## Task
Print the lines from the one containing "孩子们相互之间帮忙,你帮我,我帮你。平时" through the end of the listing below, exactly as written. Any pictures stay out.

## Data segment
━━━━━━━━━━━━━━━━

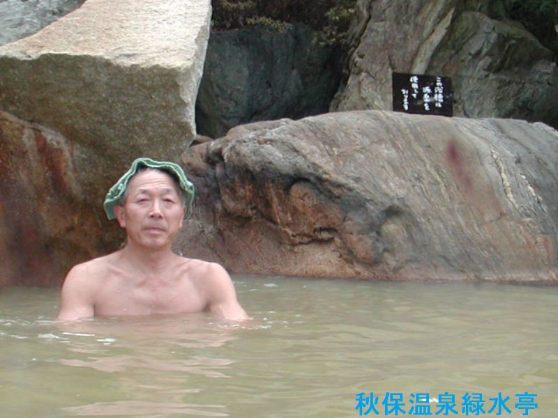 東鳴子温泉は宮城県の北に位置する全国的にも有名な 鳴子温泉郷にあり、昔から湯治や長期療養滞在にも適した温泉地です。いさぜん旅館は1941年の開業で、玄関前の長寿の松をくぐると長生きすると言われます。館内には、「鉄鉱泉」と「炭酸泉」が一緒になった浴室、「大浴場」、そして「中浴場」という3つのお風呂があります。混浴浴場は、2種類の自家源泉がかけ流され、浴槽ごとに源泉が違います。東鳴子の特徴であるアブラ臭の強い共同源泉と異なり、あっさり目の湯です。衝立を挟んで反対側のヒョウタン型の湯船は、「いさぜん」旅館自家源泉1・2号と似た傾向の湯です。湯の香りの濃厚さがやや違うので、違う湯なのだとわかります。浅い石造りの浴槽の古びた感じがいい雰囲気です。
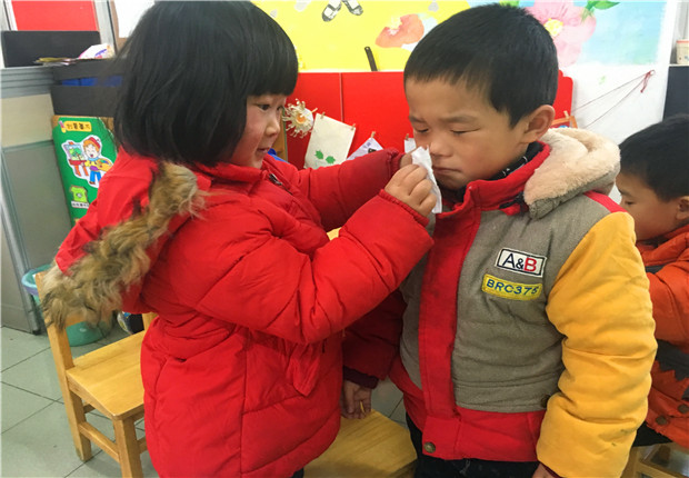 孩子们相互之间帮忙,你帮我,我帮你。平时给孩子们讲关心同伴的道理,虽然当时不一定有什么效果,但孩子真正懂得了就会付之于行动。(撰稿人:郑梦娇)
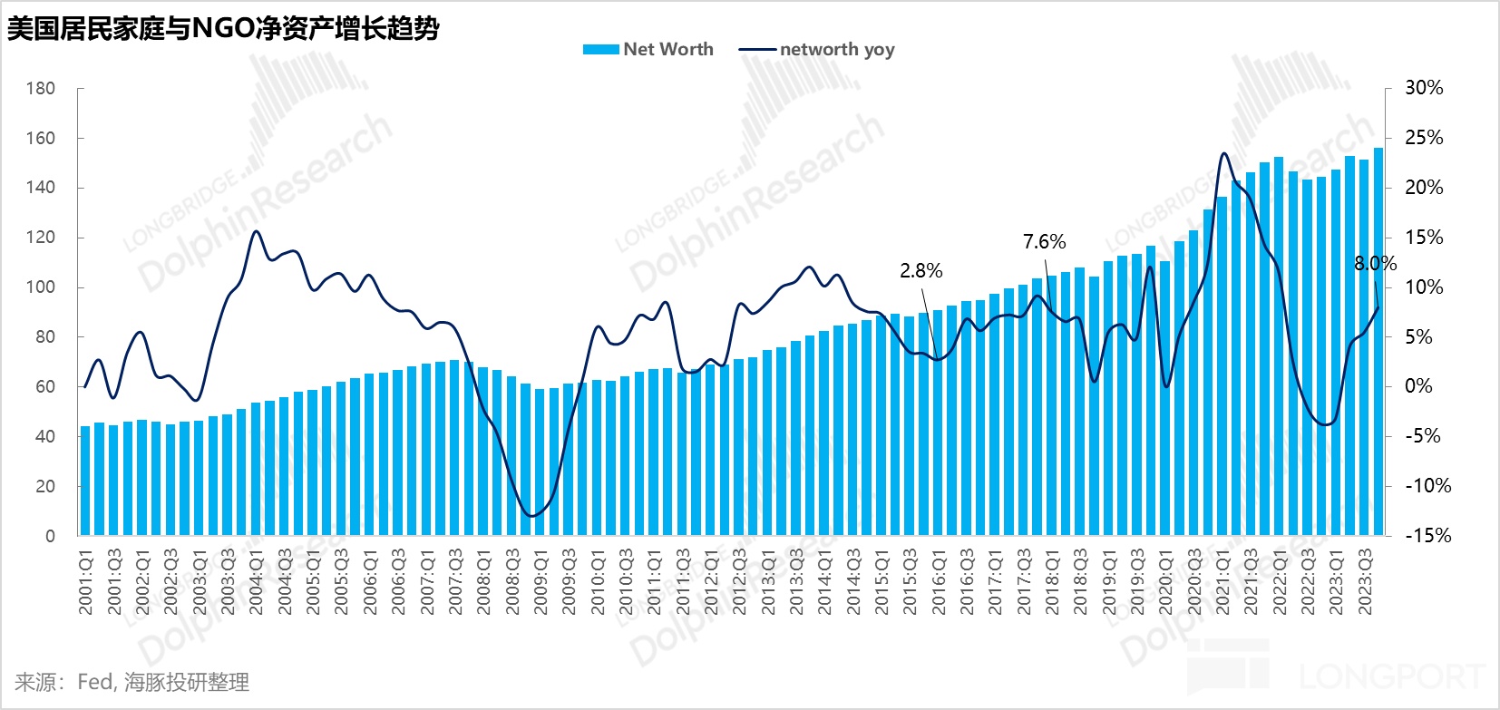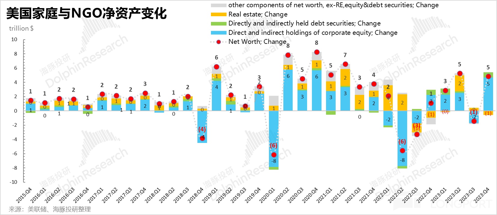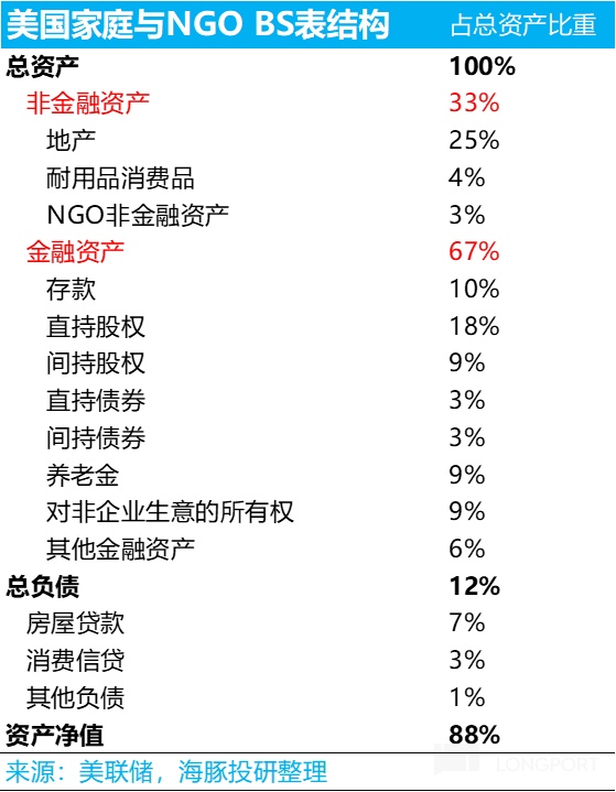 以去年四季度为例,美国的居民资产负债结构中,居民的非金融资产主要是房产,大概占到了总资产的 25%;这部分在高息的压制之下,无升值效应,过去一年的资产额基本没动。
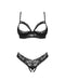 Set Serafia von Obsessive mit Bügel-BH und Riostring im Ouvert-Style. Aus bildschöner schwarzer Blütenspitze. Rundum weich und elastisch für hohen Tragekomfort. Der Bügel-BH mit offenen, unten gepolsterten Cups und oberen Cup-Riemchen stützt den freiliegenden Busen perfekt. Die Träger und der Hakenverschluss im Rücken sind passend verstellbar. Der schöne String verführt mit kleiner Zierschnürung über dem Po und ist im Schritt einladend offen.

━━━━━━━━━━━━━━━━

## Response for this exercise
 孩子们相互之间帮忙,你帮我,我帮你。平时给孩子们讲关心同伴的道理,虽然当时不一定有什么效果,但孩子真正懂得了就会付之于行动。(撰稿人:郑梦娇)
 以去年四季度为例,美国的居民资产负债结构中,居民的非金融资产主要是房产,大概占到了总资产的 25%;这部分在高息的压制之下,无升值效应,过去一年的资产额基本没动。
 Set Serafia von Obsessive mit Bügel-BH und Riostring im Ouvert-Style. Aus bildschöner schwarzer Blütenspitze. Rundum weich und elastisch für hohen Tragekomfort. Der Bügel-BH mit offenen, unten gepolsterten Cups und oberen Cup-Riemchen stützt den freiliegenden Busen perfekt. Die Träger und der Hakenverschluss im Rücken sind passend verstellbar. Der schöne String verführt mit kleiner Zierschnürung über dem Po und ist im Schritt einladend offen.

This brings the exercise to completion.